FIG. 6 illustrates a configuration of the thickness of a convex part of an electrostatic chuck module according to an embodiment.

FIG. 7 is a graph of simulation results of a relationship between the thickness of the convex part of the electrostatic chuck module according to an embodiment, the temperature deviation in a crack plate of the electrostatic chuck module according to an embodiment, and surface deformation.

FIG. 8 illustrates an electrostatic chuck module according to an embodiment, fixed with fastening members.

FIG. 9 is a graph of surface deformations of an electrostatic chuck module according to an embodiment when not fixed with fastening members and when fixed with fastening member.

DETAILED DESCRIPTION

Embodiments of the present disclosure will hereinafter be described with reference to the accompanying drawings, but embodiments of the present disclosure are not necessarily limited thereto. Furthermore, not all components described in the following embodiments are essential as means for solving objectives of embodiments. For clarity of explanation, omissions and simplifications may be appropriately made in the following descriptions and drawings. In the drawings, the same elements may be assigned the same reference numerals, and repetitive explanations may be omitted.

Configuration of an Electrostatic Chuck Module

FIG. 1 is a schematic view of an electrostatic chuck module according to an embodiment. FIG. 2 is an enlarged schematic view of an electrostatic chuck module according to an embodiment of the present disclosure. FIG. 3 is an enlarged schematic view of another electrostatic chuck module according to an embodiment of the present disclosure.

A configuration of an electrostatic chuck 100 module according to an embodiment of the present disclosure will hereinafter be described with reference to FIG. 1. The electrostatic chuck module 100 is, for example, a module that uses static electricity to hold a wafer substrate during an etching process in the manufacture of a semiconductor dynamic random-access memory (DRAM).

Referring to FIGS. 1 through 3, in an embodiment, the electrostatic chuck module 100 includes a base 101, an insulator 102, a resistance heating element 106, a crack plate 103, and a ceramics plate 104. In some embodiments, the electrostatic chuck module 100 further includes an insulating material 108.

The base 101 is a stand with cooling capabilities.

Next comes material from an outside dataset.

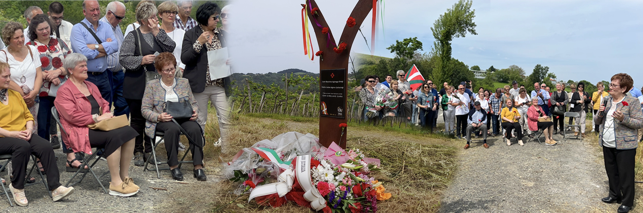 Bigarren memoria-gunea inaguratu genuen 2022ko maiatzaren 14an. Izan ere, faxistek 1936. urtean bi pertsona fusilatu zituzten Meaga inguruan, Oikia-Zumaiako lurretan: Bautista Aginaga Otegi usurbildarra eta Pedro Julian Agirre Gallastegi aiarra, hain zuzen ere.
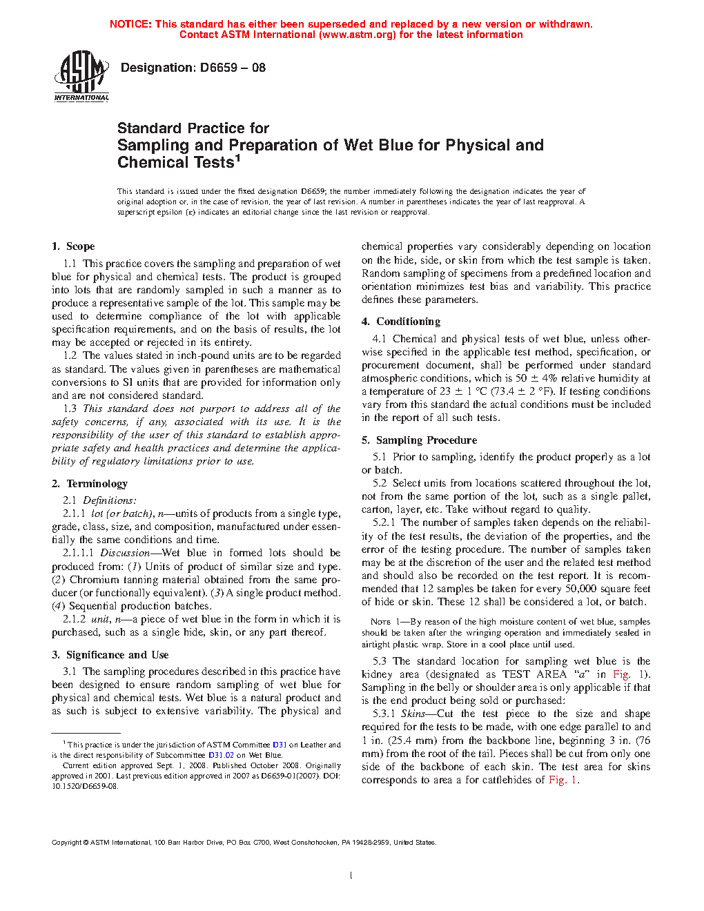 Standard Practice for Sampling and Preparation of Wet Blue for Physical and Chemical Tests

The base 101 cools a hot crack plate and thereby prevents the heat of the hot crack plate from diffusing to a lower part of the electrostatic chuck module 100. The base 101 includes a flow path 101d for a coolant disposed below the base, a convex part 101b disposed along an outer circumference of the base, and a concave part 101a disposed on the base. In addition, the base 101 includes a labyrinth structure 101c. The base 101 is formed of, for example, titanium (Ti).

The flow path 101d maintains the bottom surface of the electrostatic chuck module 100 at the same temperature as the coolant. The concave part 101a and the convex part 101b include components such as the insulator 102 within the base 101. The convex part 101b is disposed along the outer circumference of the concave part 101a.

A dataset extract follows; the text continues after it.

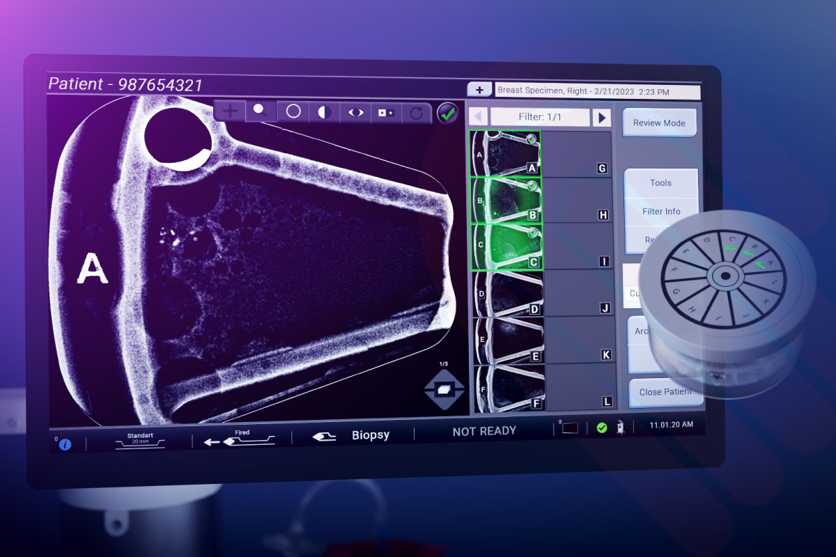 Brevera™ Breast Biopsy System, biyopsi sürecinde alınan her bir doku örneğinin gerçek zamanlı olarak görüntülenmesini ve doğrulanmasını sağlayan entegre bir numune yönetim sistemi sunar. Bu teknoloji sayesinde radyolog, her çekirdeğin (core) 8 saniye içinde görüntüsünü görebilir* ve numunenin hedeflenen lezyonu içerip içermediğini anında değerlendirebilir.

The convex part 101b is bonded to the crack plate 103. The convex part 101b allows the transfer and dissipation of heat from the crack plate 103. The convex part 101b is bonded to the crack plate 103 by one of the following methods: brazing, diffusion bonding, ultrasonic welding, electric welding, or welding.

The labyrinth structure 101c is disposed below the convex part 101b of the base 101. The labyrinth structure 101c regulates the amount of heat diffusing from the crack plate 103 to the base 101. An aluminum oxide (Al₂O₃) thermal spray film is formed on the outer surface of the base 101.

The insulator 102 is disposed in the concave part 101a of the base 101. The insulator 102 blocks the diffusion of heat. The thermal conductivity of the insulator 120 is 1 W/m·K or less in an operating temperature range. The insulator 102 is disposed between the crack plate 103 and the base 101 so that the heat from the resistance heating element 106 does not directly transfer to the base 101. If the temperature at the interface of the insulator 102 with the base 101 falls below 300° C., the insulator 102 is bonded to the base 101 with a silicone adhesive. If the temperature exceeds 300° C., the insulator 102 is bonded to the base 101 with an inorganic adhesive.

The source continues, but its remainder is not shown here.